KungFu requires Python 3, CMake 3, Golang 1.11+ and TensorFlow 1.x.
# Install tensorflow CPU
pip3 install tensorflow==1.13.1
# pip3 install tensorflow-gpu==1.13.1 # Using GPUs
# Download the KungFu source code
git clone https://github.com/lsds/KungFu.git
# Install KungFu
# export CMAKE_BUILD_PARALLEL_LEVEL=$(nproc) # Parallel install.
pip3 install .
KungFu provides: kungfu-run, similar to mpirun, to launch a TensorFlow program on multiple GPU/CPU devices in a server. Using the following command to build kungfu-run.
# Build kungfu-run in the given GOBIN directory.

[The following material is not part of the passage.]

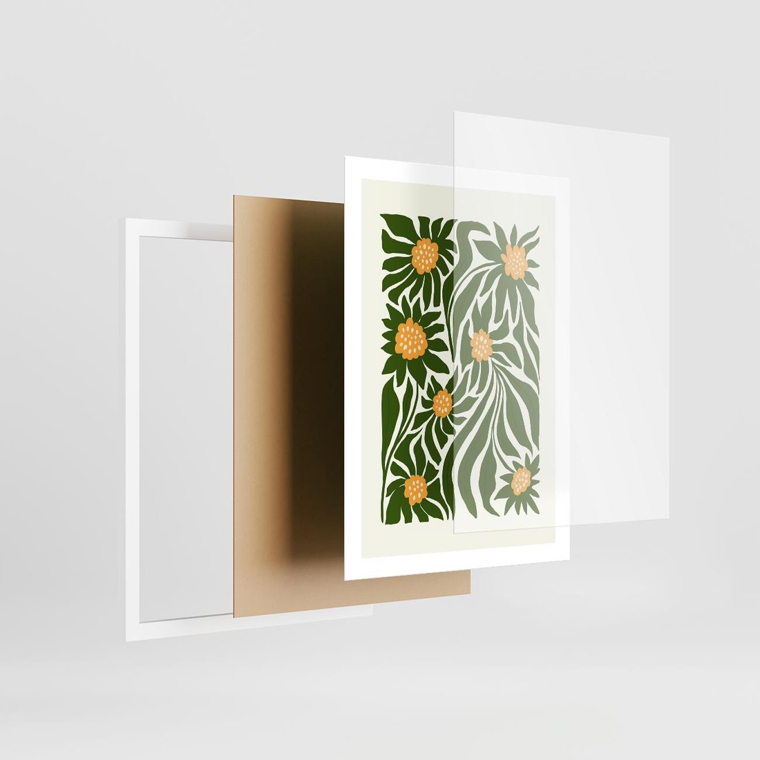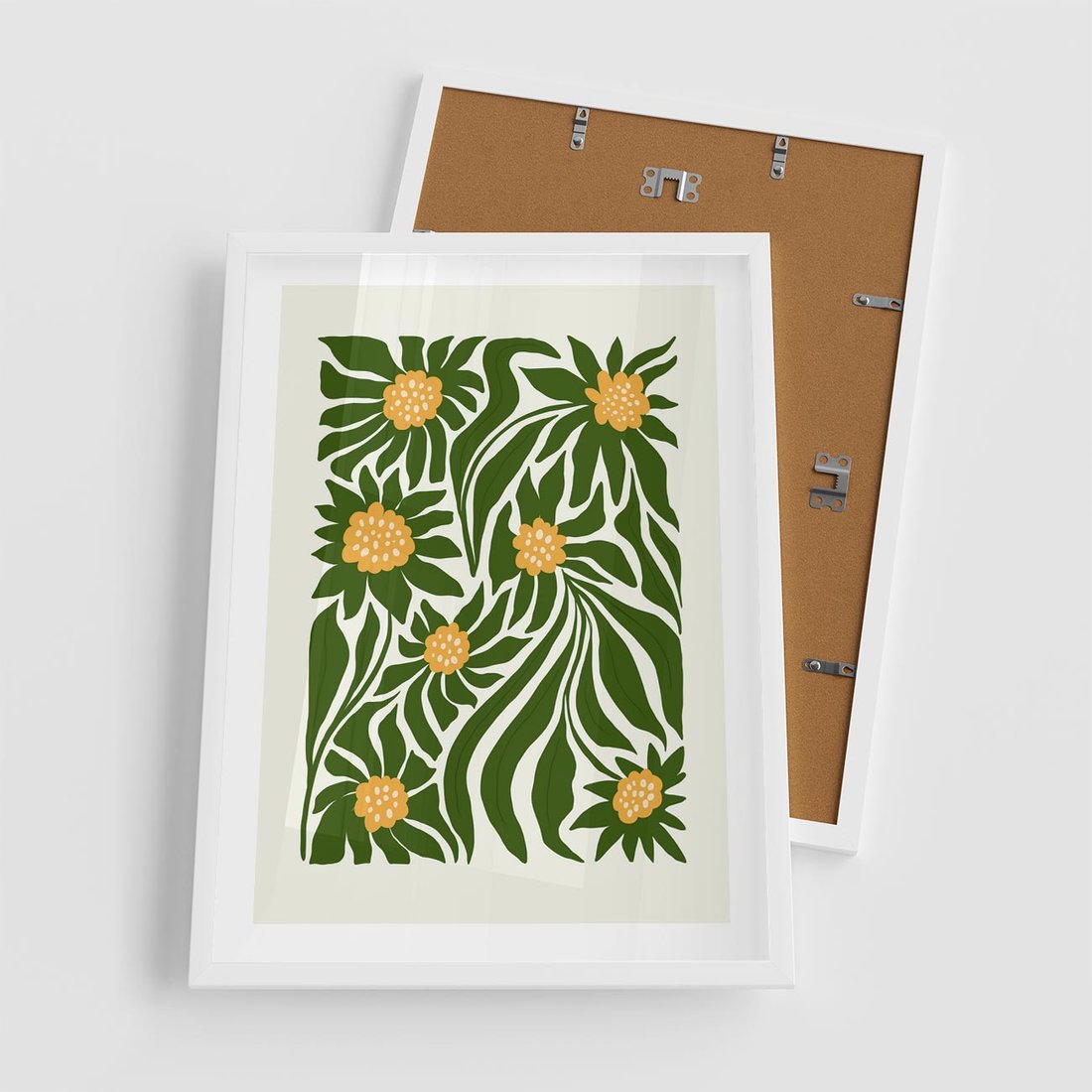 Ta abstrakcyjna kompozycja ukazuje kwiaty w wyjątkowo niekonwencjonalny sposób. Zieleń i żółć splatają się w harmonijną całość, tworząc abstrakcyjne pejzaże natury. Bez tytułu obraz zachęca do indywidualnych interpretacji, pozostawiając przestrzeń dla wyobraźni i refleksji.
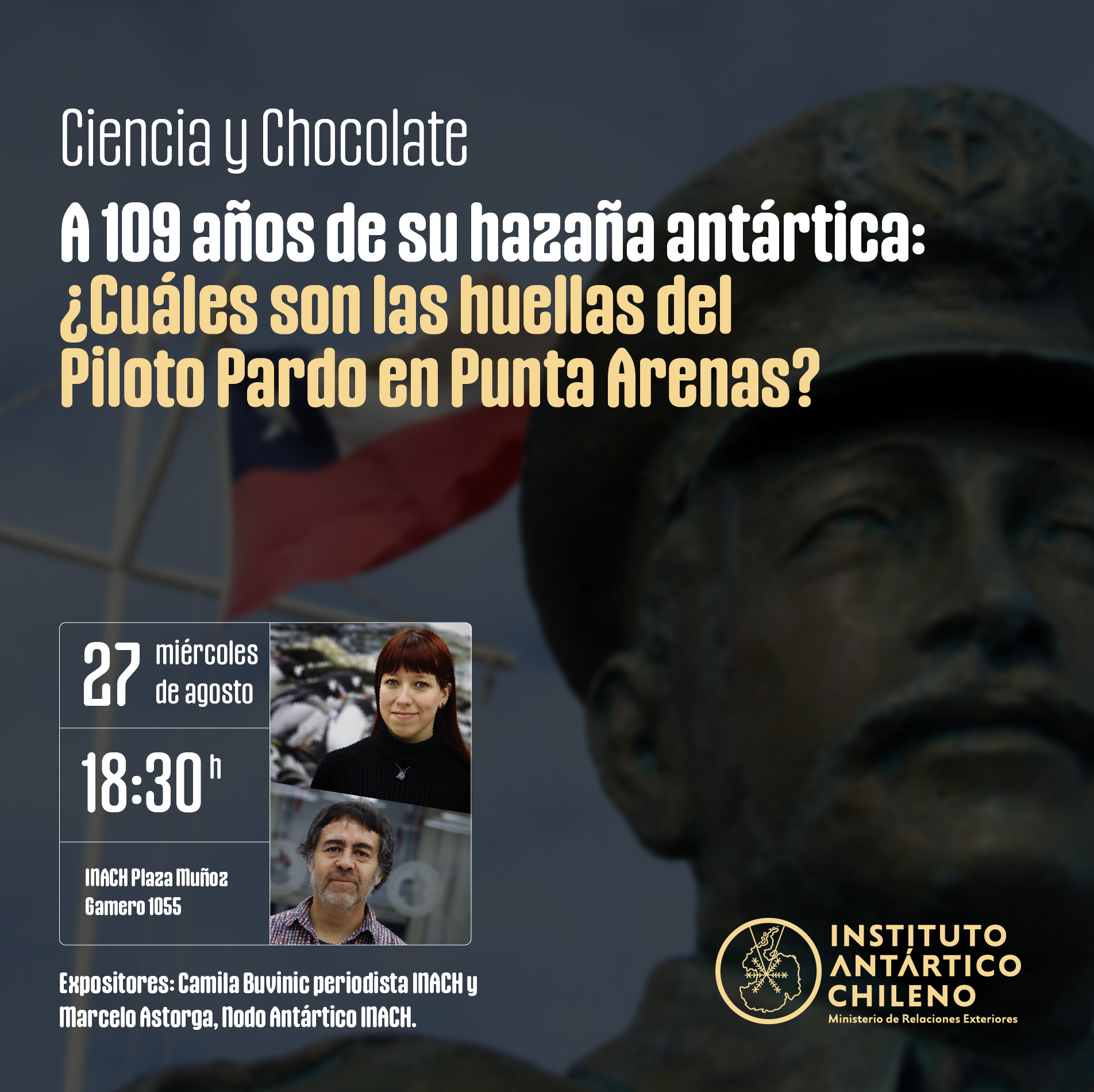 La charla titulada “ A 109 años de su hazaña antártica: ¿cuáles son las huellas del Piloto Pardo en Punta Arenas?” Será presentación por la periodista del INACH Camila Buvinic junto a Marcelo Astorga, sociólogo del proyecto Nodo Laboratorio Natural Antártico.

GOBIN=$(pwd)/bin go install -v ./srcs/go/cmd/kungfu-run/
# Check if kungfu-run is built
./bin/kungfu-run -help
For Mac users, the following is required after the install:
export DYLD_LIBRARY_PATH=$(python3 -c "import os; import kungfu; print(os.path.dirname(kungfu.__file__))")
Download MNIST dataset (script) and run the following training script.

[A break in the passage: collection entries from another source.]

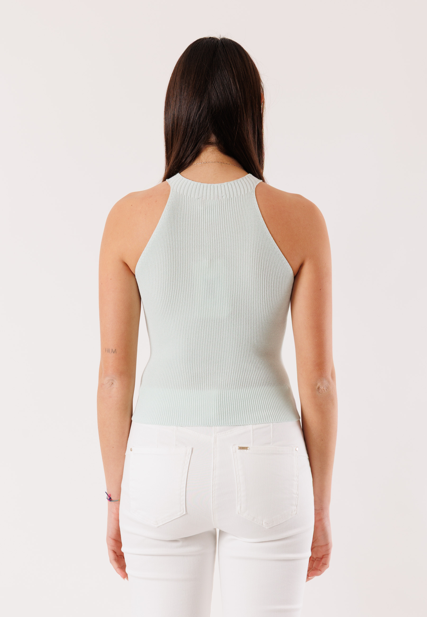 This Kontatto top is an essential and versatile piece, perfect for creating modern and minimal outfits. The design features a fitted silhouette that naturally enhances your shape and a soft, shaped neckline, designed to add balance and sophistication to the overall look. The sleeveless cut makes it ideal for warm weather or as a base layer to wear under jackets, cardigans, and blazers. Made from a lightweight and comfortable fabric, the top offers a pleasant fit that moves with you without restrictions. The simplicity of the design allows for endless combinations: perfect with denim, tailored pants, skirts, or more casual-chic looks. An indispensable piece for those who love a clean, contemporary, and functional style.
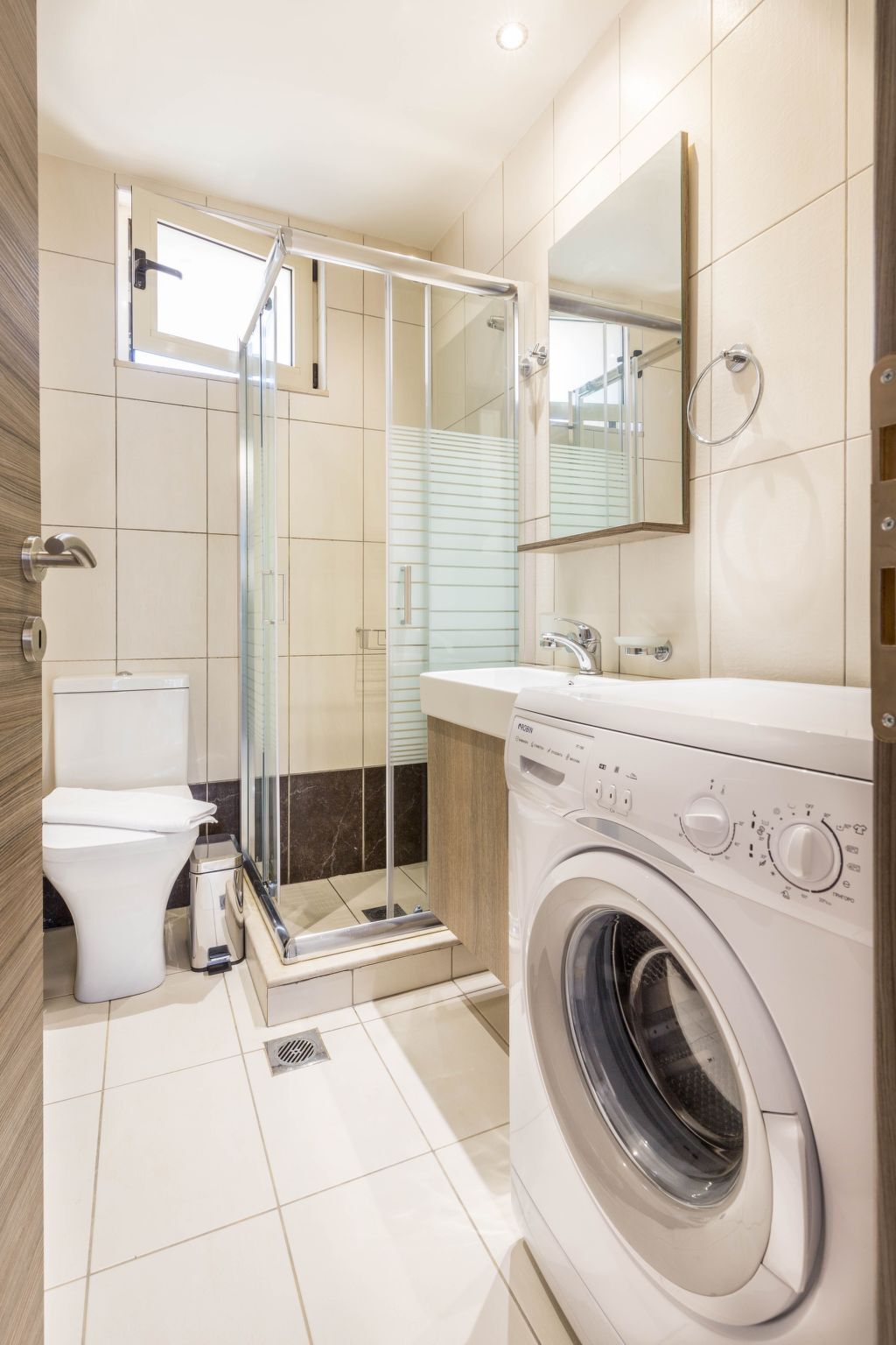 Dans la salle de bains, vous trouverez une douche agréable avec une cabine en verre, un sèche-cheveux, un ensemble complet de produits de toilette et des espaces de rangement pour ranger vos affaires.
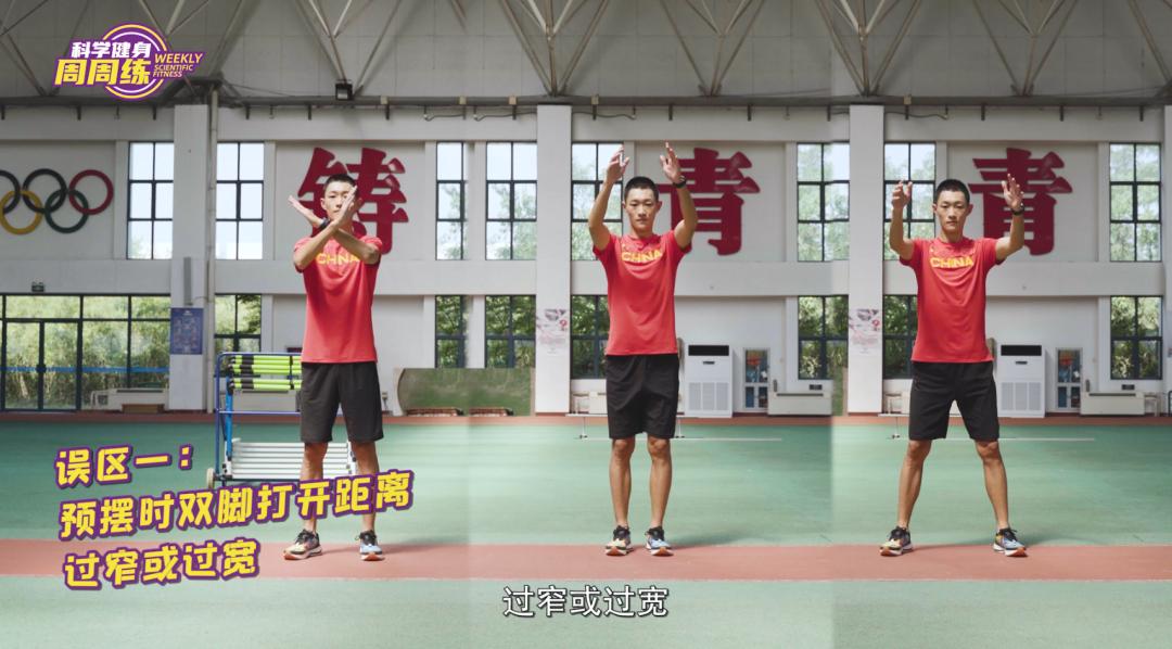 ① 预摆时两脚左右开立,与肩同宽;

# Download the MNIST dataset in a ./mnist folder in the current directory.
./scripts/download-mnist.sh
# Train a Single Layer Perception (SLP) model for the MNIST dataset using 4 CPUs for 10 data epochs.
./bin/kungfu-run -np 4 -timeout 1h python3 examples/mnist_slp.py --n-epochs 10
./scripts/clean-code.sh --fmt-py
# build a .whl package for release
pip3 wheel -vvv --no-index .
KungFu can use NCCL to leverage GPU-GPU direct communication. However, the use of NCCL enforces KungFu to serialize the execution of all-reduce operations, which can hurt performance.
# uncomment to use your own NCCL
# export NCCL_HOME=$HOME/local/nccl
KUNGFU_USE_NCCL=1 pip3 install .